Worst Jokes Ever

Worst Jokes Ever

What falls to the ground first if an apple and an emo kid fall from a tree?

The apple because the rope caught the emo kid.

There are painkillers, but they only relieve physical pain. I wish something could relieve my internal pain.

My homework was to watch as much porn as I can... and tell my teacher the details so he won't get in trouble for watching it during class.

If I were alone on an island with Camilla Cabello, and we were never going to escape, I'd rape her. I mean, what is she going to do? Tell someone?

What's the difference between what Bill Cosby did and what OJ Simpson did? OJ Simpson's victims actually suffered and I actually feel bad for them (the boyfriend at least).

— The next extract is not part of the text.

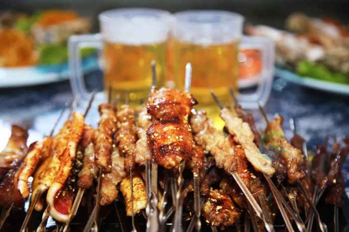 这儿是肉食者的狂欢夜,有饱满劲道的肉串滋滋冒着油花,有洒了蒜蓉粉丝的烤牡蛎鲜香十足、有火红麻辣的小龙虾让人一口一个停不下来,还有鸡翅包饭、烤猪蹄、烤脑花……
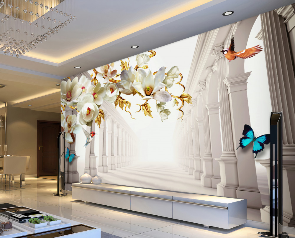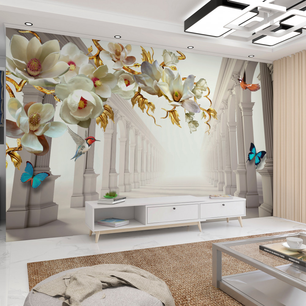 Tapeta Fototapeta motyle i białe kwiaty ze złotymi liśćmi w łukach (artykuł a91210 ) z kategorii Fototapety 3D

What do Middle Eastern suicide bombers say before they blow up?

I weel sho u wot da bom bom is! ALLAH!

What's the difference between Michael Jackson and a guitar teacher? One likes to stroke his finger across A minor, and the other one plays guitar.

What did a terrorist say when New York didn't want his food?

"Here Comes The Airplane!"

Why don't catholic kids lose their virginity in their 20's?

Because they lost it to a priest when they were 5

It isn't really rape if you speak different languages. I mean, how is the man supposed to know what she is saying? Those could be tears of joy and screams of pleasure.